Mon 8 Mar

7DRL3 - Day 1

It's that time of the year again! The 7DRL has begun. buub0nik and I are attempting to make a steampunk multiplayer tactics RPG called "Vapourtek Theatre". Gameplay will be similar to Final Fantasy Tactics. We have been planning for a few weeks and have some fun ideas for units and abilities. The idea is a little ambitious but we're both currently unemployed so hopefully we'll have plenty of time to pull it off :P

Not too much to show for day one. Lots of structuring and putting to code some of the ideas we had for how messages are handled.
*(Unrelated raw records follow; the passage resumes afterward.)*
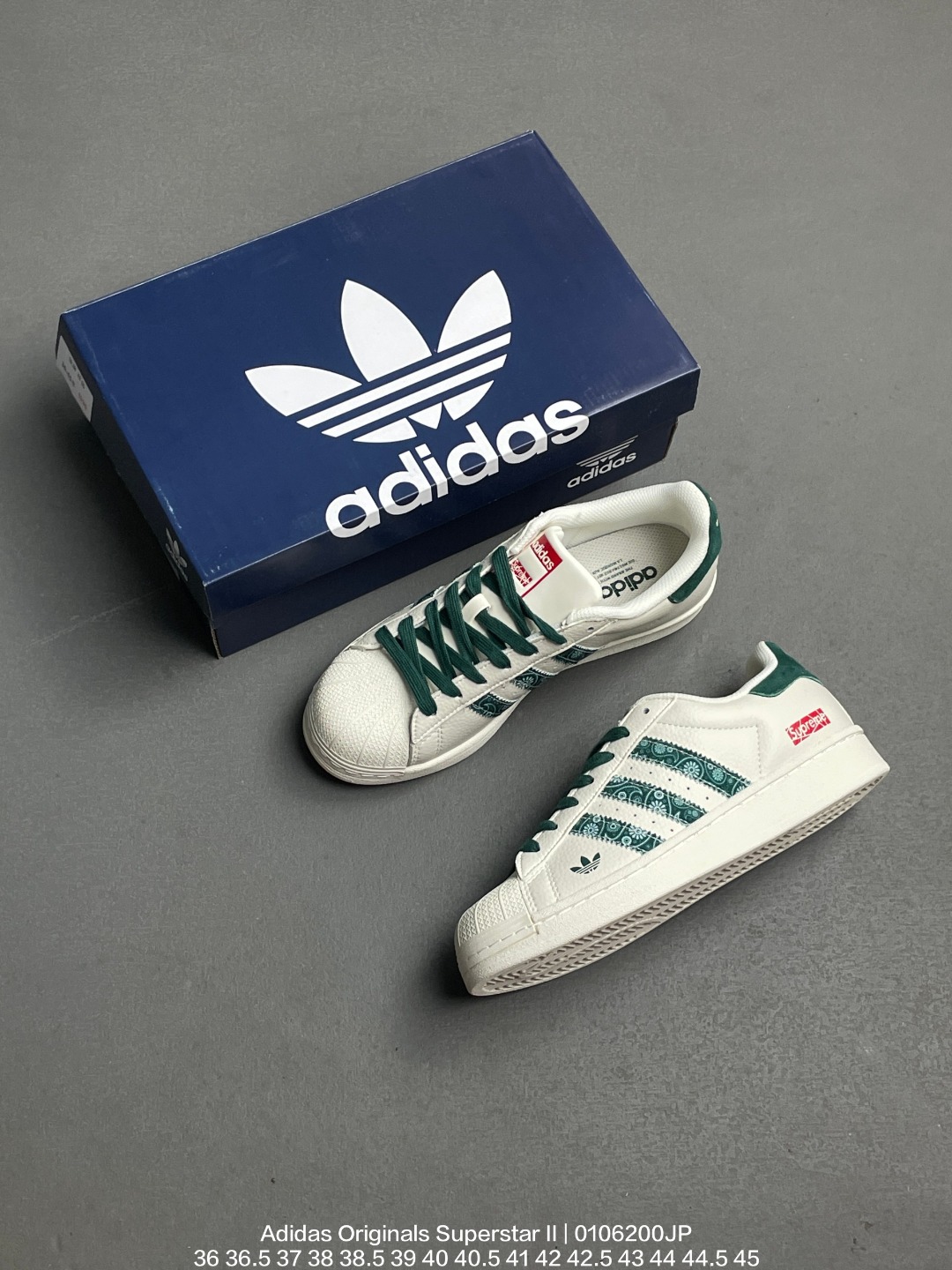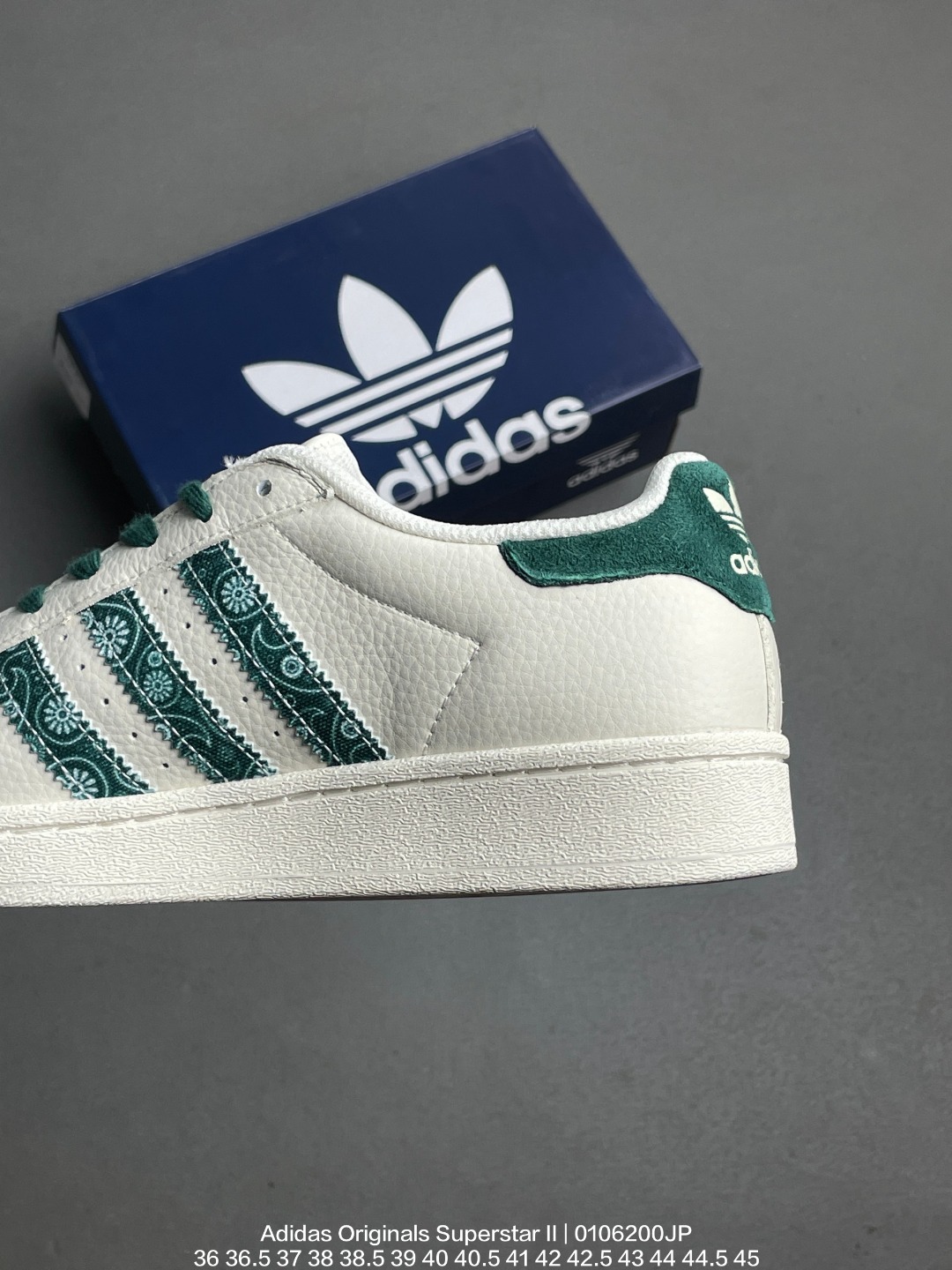Adidas 阿迪达斯 升级原楦原纸版开发 采用牛剖革鞋面材质 2020改良全包围鞋垫 正确2020版鞋底模具及扇贝头盖片阿迪达斯 三叶草Adidas Originals Superstar II 经典贝壳头系列低帮百搭休闲运动板鞋
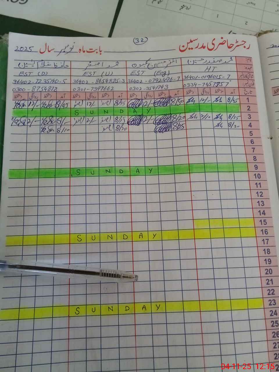 | Name: MU**** SA**** HU**** Designation: (School Headmaster's/Headmistress's) SST GENERAL Phone/Cell Number: 03**** |
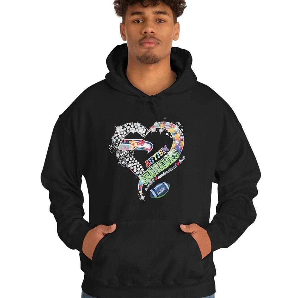 .The Seattle Seahawks Autism Accept Understand Love Awareness Diamond Heart Shirt is more than just a piece of apparel; it’s a powerful statement of support and solidarity. By wearing this shirt, you’re not only showcasing your love for the Seahawks but also championing a cause that touches the lives of many families affected by autism.
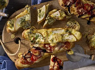 7 Laugenstangen mit Birne und Blauschimmelkäse belegen. Übrige Laugenstangen mit Tomaten und Salami belegen. Tomaten-Stangen zusätzlich mit Bergkäse bestreuen. Stangen nacheinander im vorgeheizten Backofen (E-Herd: 180 °C/Umluft: 160 °C) 18–20 Minuten goldbraun backen. Schnittlauch waschen und in Röllchen schneiden. Birnen-Käse-Stangen mit Schnittlauch bestreuen. Tomaten-Stangen mit Balsamico-Creme beträufeln.
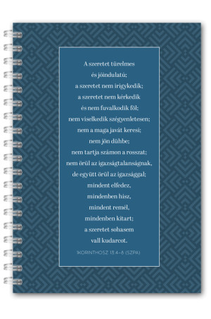 Igényes megjelenésű ikerspirálos, csíkos jegyzetfüzet, fényes elő- és hátlappal, bibliai idézettel.
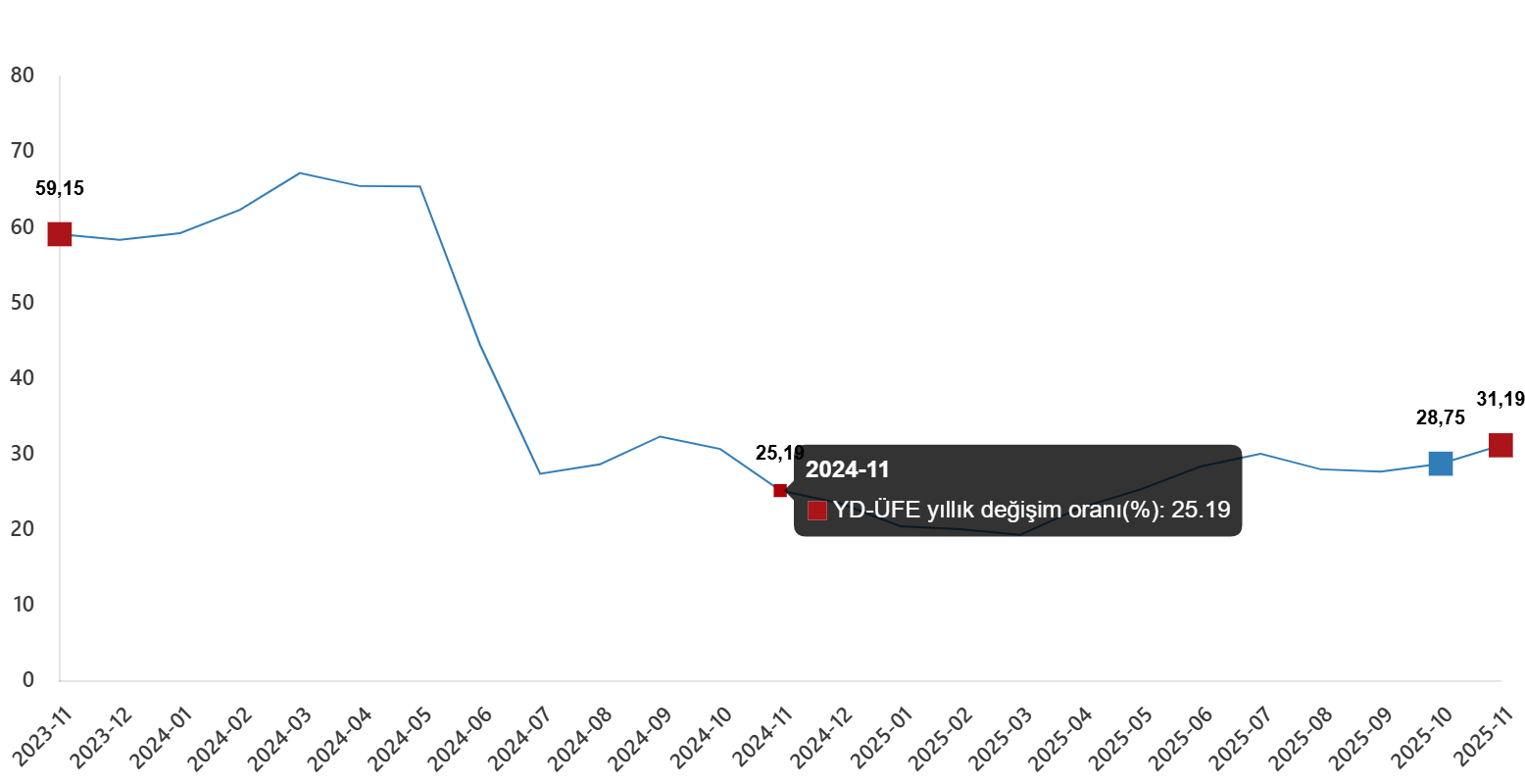 YD-ÜFE 2025 yılı Kasım ayında bir önceki aya göre %1,02 artış, bir önceki yılın Aralık ayına göre %30,01 artış, bir önceki yılın aynı ayına göre %31,19 artış ve on iki aylık ortalamalara göre %25,67 artış gösterdi.
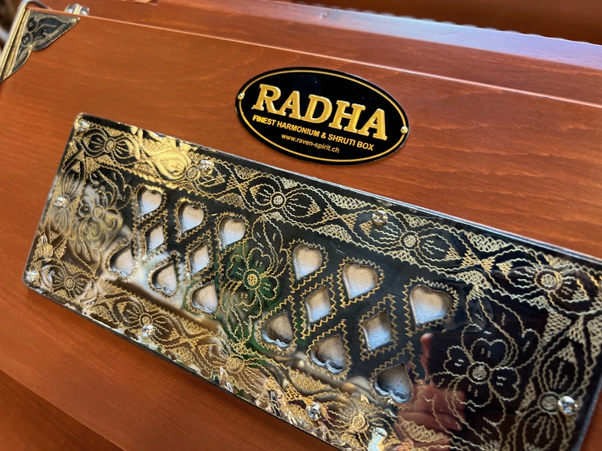 Der Name Radha bedeutet „die Verehrte“ – Sinnbild reiner Liebe und Hingabe. Auf Harmonium oder Shrutibox entfaltet er sich als Klang der Seele: atmend, sanft und verbindend.
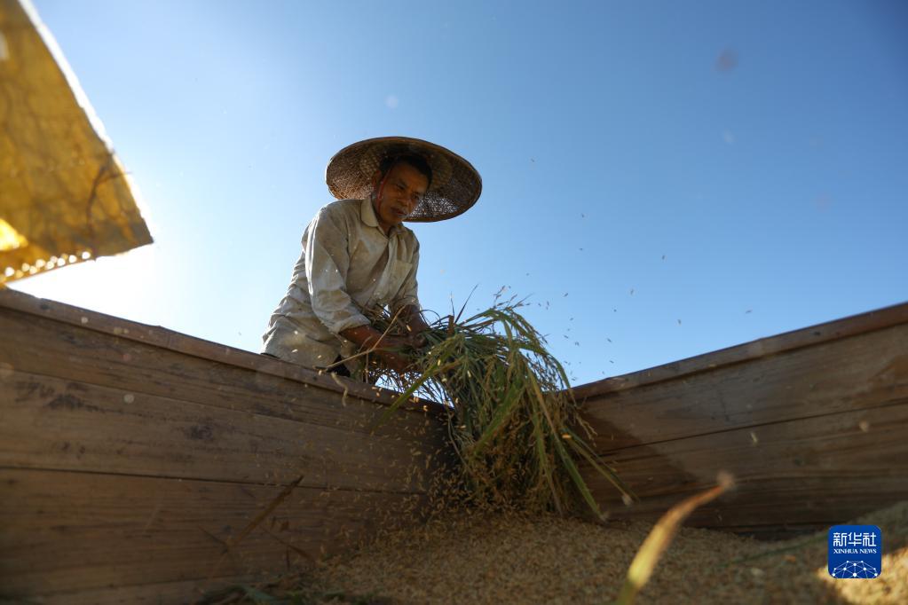 连日来,重庆市持续高温天气,部分地区出现不同程度的旱情。为降低影响,重庆市秀山土家族苗族自治县溶溪镇的农民抓紧有利时机抢收水稻,确保粮食颗粒归仓。
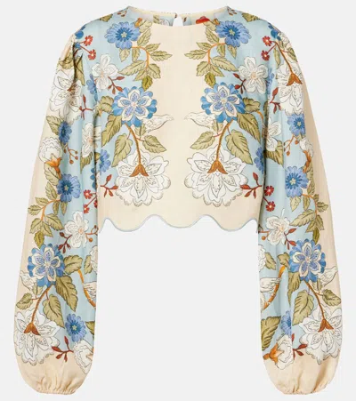 Womens Porcelain Garden Red Porcelain Garden Crop Linen Blouse Xs
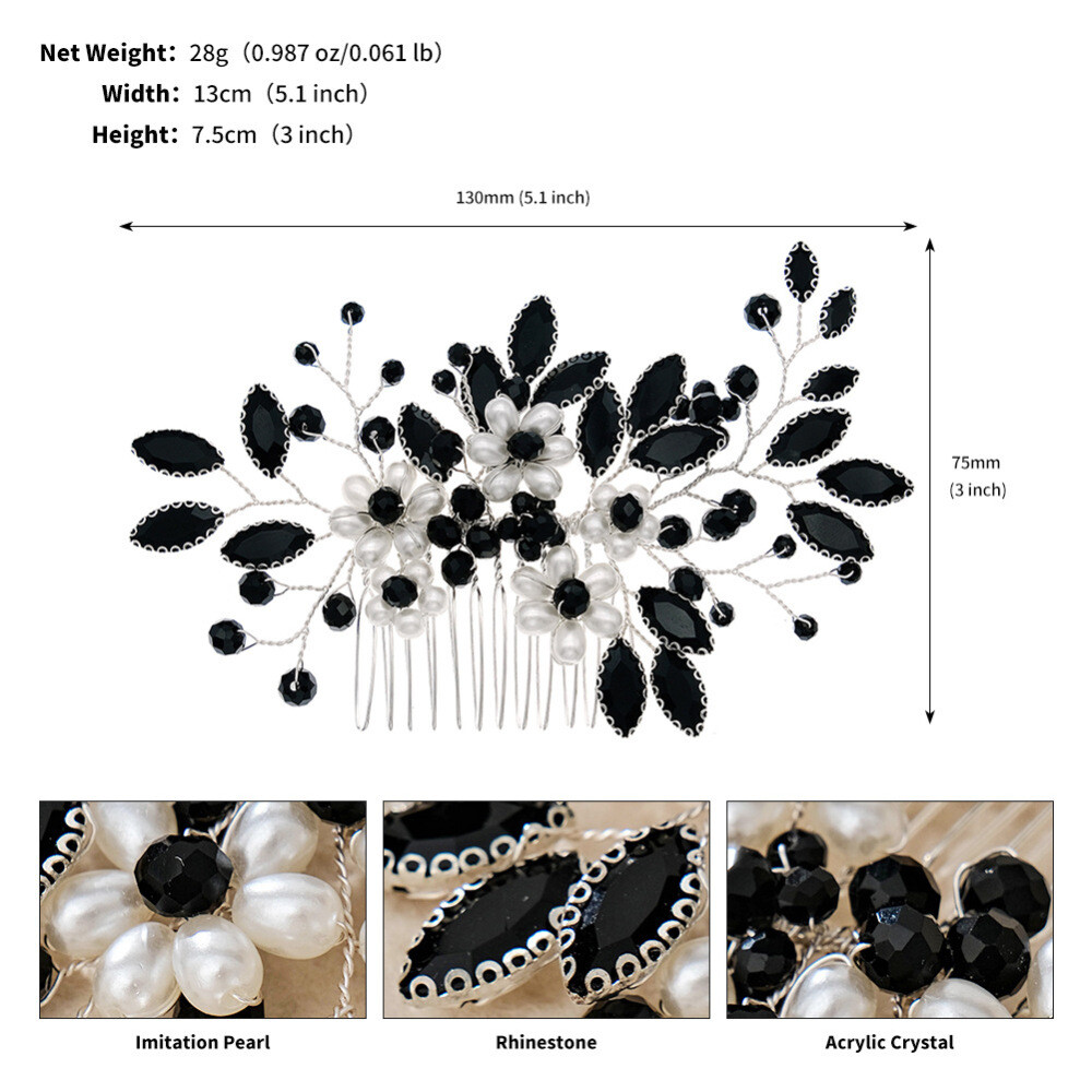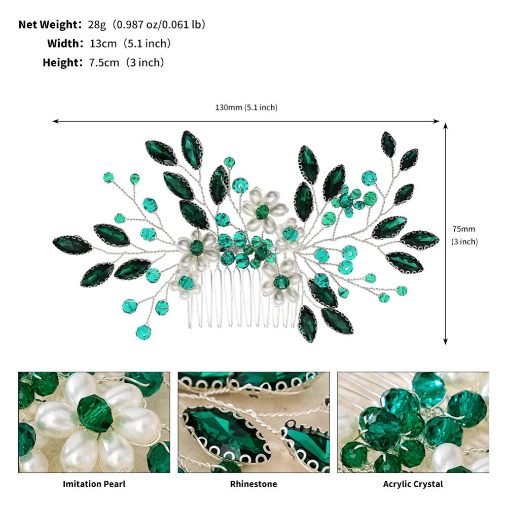 Features: Elegant and Sparkling Design: Our hair jewelry headdress features a forest-inspired design, handmade with sparkling rhinestones and white pearls for an elegant touch. Versatile Hair Comb: This hair jewelry hair comb for women is perfect for various occasions, including weddings, bridal events, bridesmaid gatherings, and even dating. Glittering Headpiece with Smooth Teeth: Our hair jewelry wedding bridal hair comb is a stable headpiece that features smooth teeth, providing a secure and comfortable fit for thick hair styling decoration. Perfect Hairstyle Making Tool: This hair jewelry headdress is perfect for gown dress hairstyle making, adding a touch of glamour and elegance to any hairstyle. Quality Materials: Our forest style handmade sparkling headwear is made with quality materials, including shiny rhinestones and white pearls, ensuring durability and long-lasting wear. Specification: Material: Alloy, rhinestones, imitation pearl Product Size: 13*7.5cm Product Weight: 28g Notes: 1. Due to the lighting effects and shooting angles, there is a color difference in the product, please understand. 2. Due to manual measurement, there is a tolerance in the product size. Package includes: 1 * Hair Comb Headdress
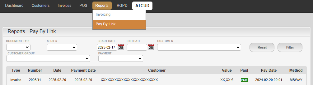 3. Report: You have available, in the Reports menu of your account, a list that you can consult with the generated links and the payment status of each invoice with generated links.
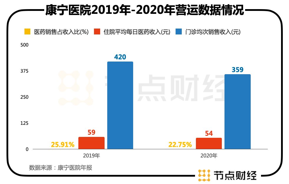 从民生角度而言,药改举措无疑是成功的,但从行业视角来看,两项措施在企业营运数据层面着实显得不够友好,根据康宁医院2020年年报显示,医药销售占收入比从2019年的25.91%下降至22.75%,住院平均每日医药收入由人民币59元下降至54元,门诊均次销售收入从420元压缩到359元。
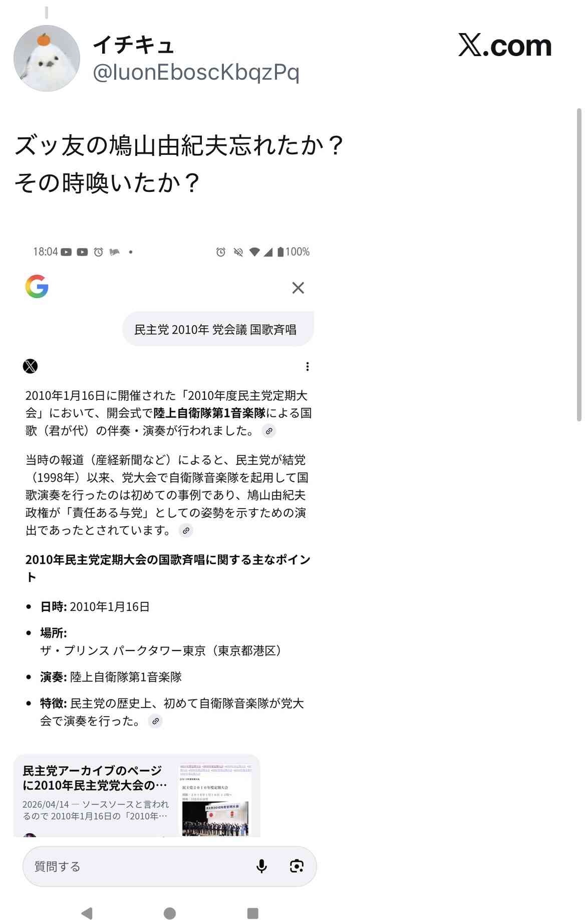 - ワイいまGeminiに『民主党 2010年 党会議 国歌斉唱』で聞いてみたら全く真逆に2010年(平成22年)1月16日に開催された旧民主党の第15回定期大会において、国歌斉唱が行われなかったことが当時大きな議論を呼びました。と回答されたんやがどういうことや

For example, the client behaves exactly the same playing a game locally and over the net. This is due to a 'translator' module that handles all the message passing, and decides whether to deliver them to a local data structure or a socket. Hopefully this will allow easier testing without always requiring a connection to the server.

buub0nik worked on GUI classes such as message box, list, etc. Look for his post if you want some eye candy :)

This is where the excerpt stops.